»»

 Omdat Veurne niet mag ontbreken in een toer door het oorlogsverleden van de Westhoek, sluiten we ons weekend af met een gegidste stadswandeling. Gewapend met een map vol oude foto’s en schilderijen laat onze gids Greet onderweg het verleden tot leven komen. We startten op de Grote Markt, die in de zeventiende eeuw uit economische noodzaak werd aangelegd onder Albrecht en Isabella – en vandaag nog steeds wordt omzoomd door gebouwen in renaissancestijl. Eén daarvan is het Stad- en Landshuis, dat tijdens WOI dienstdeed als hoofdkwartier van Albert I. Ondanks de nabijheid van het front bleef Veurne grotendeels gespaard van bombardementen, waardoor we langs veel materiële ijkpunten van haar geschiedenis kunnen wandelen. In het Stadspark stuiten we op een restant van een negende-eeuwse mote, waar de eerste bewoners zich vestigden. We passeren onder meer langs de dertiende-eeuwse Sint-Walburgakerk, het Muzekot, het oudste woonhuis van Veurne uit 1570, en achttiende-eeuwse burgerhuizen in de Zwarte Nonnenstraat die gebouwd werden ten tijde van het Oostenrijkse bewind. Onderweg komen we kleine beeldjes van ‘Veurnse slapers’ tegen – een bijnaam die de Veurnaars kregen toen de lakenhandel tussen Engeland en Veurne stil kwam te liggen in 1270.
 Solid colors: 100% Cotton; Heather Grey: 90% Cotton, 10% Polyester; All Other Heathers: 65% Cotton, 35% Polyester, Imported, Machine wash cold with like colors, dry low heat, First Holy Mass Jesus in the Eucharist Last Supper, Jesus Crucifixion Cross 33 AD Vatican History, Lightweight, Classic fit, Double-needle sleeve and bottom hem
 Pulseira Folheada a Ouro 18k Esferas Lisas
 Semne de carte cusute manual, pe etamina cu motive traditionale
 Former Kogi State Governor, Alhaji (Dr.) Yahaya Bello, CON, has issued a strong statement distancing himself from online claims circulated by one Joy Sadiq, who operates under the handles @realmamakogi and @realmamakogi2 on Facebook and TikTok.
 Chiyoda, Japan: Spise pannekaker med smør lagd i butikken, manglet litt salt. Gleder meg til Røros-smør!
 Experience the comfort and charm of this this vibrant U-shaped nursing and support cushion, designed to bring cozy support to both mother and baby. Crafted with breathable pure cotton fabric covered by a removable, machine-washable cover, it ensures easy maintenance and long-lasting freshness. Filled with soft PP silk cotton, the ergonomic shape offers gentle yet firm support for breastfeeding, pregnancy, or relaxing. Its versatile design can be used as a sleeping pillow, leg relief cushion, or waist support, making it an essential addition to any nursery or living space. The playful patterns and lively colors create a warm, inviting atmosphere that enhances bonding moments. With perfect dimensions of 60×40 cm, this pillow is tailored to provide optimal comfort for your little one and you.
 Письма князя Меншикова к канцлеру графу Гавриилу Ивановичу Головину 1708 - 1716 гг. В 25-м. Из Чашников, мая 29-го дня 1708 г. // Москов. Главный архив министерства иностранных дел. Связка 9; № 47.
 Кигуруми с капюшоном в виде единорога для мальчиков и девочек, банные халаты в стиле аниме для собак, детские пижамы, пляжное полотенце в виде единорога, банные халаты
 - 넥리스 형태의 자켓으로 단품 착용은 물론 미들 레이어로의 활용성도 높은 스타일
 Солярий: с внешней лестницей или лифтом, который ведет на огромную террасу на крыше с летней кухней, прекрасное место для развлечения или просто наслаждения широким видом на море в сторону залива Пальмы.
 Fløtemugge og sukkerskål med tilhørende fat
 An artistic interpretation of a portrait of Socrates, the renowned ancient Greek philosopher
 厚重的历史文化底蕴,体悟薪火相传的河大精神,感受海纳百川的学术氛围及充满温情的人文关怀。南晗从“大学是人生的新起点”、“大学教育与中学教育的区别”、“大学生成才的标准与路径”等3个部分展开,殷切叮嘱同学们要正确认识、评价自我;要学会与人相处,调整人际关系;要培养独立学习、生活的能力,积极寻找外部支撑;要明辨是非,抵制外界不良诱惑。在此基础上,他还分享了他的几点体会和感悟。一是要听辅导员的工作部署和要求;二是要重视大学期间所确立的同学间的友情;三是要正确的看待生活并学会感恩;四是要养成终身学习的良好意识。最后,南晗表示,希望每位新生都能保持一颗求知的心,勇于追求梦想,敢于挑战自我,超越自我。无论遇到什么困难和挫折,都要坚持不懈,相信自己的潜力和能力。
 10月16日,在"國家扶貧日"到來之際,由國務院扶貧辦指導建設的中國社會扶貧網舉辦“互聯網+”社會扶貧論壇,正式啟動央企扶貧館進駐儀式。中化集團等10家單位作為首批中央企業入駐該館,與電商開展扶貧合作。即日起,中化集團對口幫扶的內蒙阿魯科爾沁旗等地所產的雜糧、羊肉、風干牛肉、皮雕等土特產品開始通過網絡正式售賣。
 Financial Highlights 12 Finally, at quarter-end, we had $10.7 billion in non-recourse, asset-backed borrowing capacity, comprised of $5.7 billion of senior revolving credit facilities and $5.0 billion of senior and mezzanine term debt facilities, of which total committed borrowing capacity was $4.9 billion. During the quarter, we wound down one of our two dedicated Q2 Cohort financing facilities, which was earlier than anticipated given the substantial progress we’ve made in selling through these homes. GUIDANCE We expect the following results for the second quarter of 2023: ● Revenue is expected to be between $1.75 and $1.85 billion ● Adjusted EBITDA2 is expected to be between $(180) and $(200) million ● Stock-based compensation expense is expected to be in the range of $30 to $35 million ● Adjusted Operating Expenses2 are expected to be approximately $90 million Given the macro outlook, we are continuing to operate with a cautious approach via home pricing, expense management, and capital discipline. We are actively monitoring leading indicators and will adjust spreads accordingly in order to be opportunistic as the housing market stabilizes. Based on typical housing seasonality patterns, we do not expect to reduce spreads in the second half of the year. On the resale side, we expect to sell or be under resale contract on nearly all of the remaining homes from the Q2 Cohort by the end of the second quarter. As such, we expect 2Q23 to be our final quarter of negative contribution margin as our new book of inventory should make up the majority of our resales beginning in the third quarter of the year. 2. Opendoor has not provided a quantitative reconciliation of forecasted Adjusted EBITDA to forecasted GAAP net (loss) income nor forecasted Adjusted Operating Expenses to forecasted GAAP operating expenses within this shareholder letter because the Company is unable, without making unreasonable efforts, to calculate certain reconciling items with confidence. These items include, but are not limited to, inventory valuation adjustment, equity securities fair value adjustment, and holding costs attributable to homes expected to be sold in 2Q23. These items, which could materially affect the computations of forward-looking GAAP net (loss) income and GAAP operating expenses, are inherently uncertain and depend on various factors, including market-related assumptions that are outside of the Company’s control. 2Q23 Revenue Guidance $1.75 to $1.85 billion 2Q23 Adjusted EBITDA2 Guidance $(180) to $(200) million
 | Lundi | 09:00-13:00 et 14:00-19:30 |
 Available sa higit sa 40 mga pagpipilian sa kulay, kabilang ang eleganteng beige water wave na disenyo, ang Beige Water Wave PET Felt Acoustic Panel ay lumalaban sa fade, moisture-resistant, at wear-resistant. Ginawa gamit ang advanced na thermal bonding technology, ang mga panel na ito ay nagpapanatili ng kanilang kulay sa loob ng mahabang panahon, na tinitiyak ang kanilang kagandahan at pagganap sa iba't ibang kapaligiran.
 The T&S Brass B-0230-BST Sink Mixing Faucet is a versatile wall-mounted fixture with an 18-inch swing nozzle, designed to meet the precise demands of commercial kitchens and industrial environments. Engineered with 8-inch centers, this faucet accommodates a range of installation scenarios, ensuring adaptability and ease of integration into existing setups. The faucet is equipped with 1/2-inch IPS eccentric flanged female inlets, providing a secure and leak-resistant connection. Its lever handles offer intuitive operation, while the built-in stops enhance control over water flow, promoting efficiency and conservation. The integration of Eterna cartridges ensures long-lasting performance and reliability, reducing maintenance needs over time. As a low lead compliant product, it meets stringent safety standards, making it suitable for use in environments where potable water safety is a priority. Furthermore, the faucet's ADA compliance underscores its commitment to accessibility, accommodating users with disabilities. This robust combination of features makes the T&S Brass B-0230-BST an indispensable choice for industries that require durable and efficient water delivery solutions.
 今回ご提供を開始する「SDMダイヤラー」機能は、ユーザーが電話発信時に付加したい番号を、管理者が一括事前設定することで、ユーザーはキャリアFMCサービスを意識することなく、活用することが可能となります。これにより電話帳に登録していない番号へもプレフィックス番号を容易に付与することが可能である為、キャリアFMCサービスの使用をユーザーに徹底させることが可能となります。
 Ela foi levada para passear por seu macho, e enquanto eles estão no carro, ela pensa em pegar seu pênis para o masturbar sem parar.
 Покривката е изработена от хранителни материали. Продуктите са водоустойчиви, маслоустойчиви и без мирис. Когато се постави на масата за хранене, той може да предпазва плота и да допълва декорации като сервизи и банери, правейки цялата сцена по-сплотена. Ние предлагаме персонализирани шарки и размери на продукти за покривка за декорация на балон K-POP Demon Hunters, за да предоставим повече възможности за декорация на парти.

««

- [Task objective]
Referring to the material above, set down exactly the lines between the line with "Pulseira Folheada a Ouro 18k Esferas Lisas" and the line with "Fløtemugge og sukkerskål med tilhørende fat", inclusive, and no other lines.

- [Answer section]
 Pulseira Folheada a Ouro 18k Esferas Lisas
 Semne de carte cusute manual, pe etamina cu motive traditionale
 Former Kogi State Governor, Alhaji (Dr.) Yahaya Bello, CON, has issued a strong statement distancing himself from online claims circulated by one Joy Sadiq, who operates under the handles @realmamakogi and @realmamakogi2 on Facebook and TikTok.
 Chiyoda, Japan: Spise pannekaker med smør lagd i butikken, manglet litt salt. Gleder meg til Røros-smør!
 Experience the comfort and charm of this this vibrant U-shaped nursing and support cushion, designed to bring cozy support to both mother and baby. Crafted with breathable pure cotton fabric covered by a removable, machine-washable cover, it ensures easy maintenance and long-lasting freshness. Filled with soft PP silk cotton, the ergonomic shape offers gentle yet firm support for breastfeeding, pregnancy, or relaxing. Its versatile design can be used as a sleeping pillow, leg relief cushion, or waist support, making it an essential addition to any nursery or living space. The playful patterns and lively colors create a warm, inviting atmosphere that enhances bonding moments. With perfect dimensions of 60×40 cm, this pillow is tailored to provide optimal comfort for your little one and you.
 Письма князя Меншикова к канцлеру графу Гавриилу Ивановичу Головину 1708 - 1716 гг. В 25-м. Из Чашников, мая 29-го дня 1708 г. // Москов. Главный архив министерства иностранных дел. Связка 9; № 47.
 Кигуруми с капюшоном в виде единорога для мальчиков и девочек, банные халаты в стиле аниме для собак, детские пижамы, пляжное полотенце в виде единорога, банные халаты
 - 넥리스 형태의 자켓으로 단품 착용은 물론 미들 레이어로의 활용성도 높은 스타일
 Солярий: с внешней лестницей или лифтом, который ведет на огромную террасу на крыше с летней кухней, прекрасное место для развлечения или просто наслаждения широким видом на море в сторону залива Пальмы.
 Fløtemugge og sukkerskål med tilhørende fat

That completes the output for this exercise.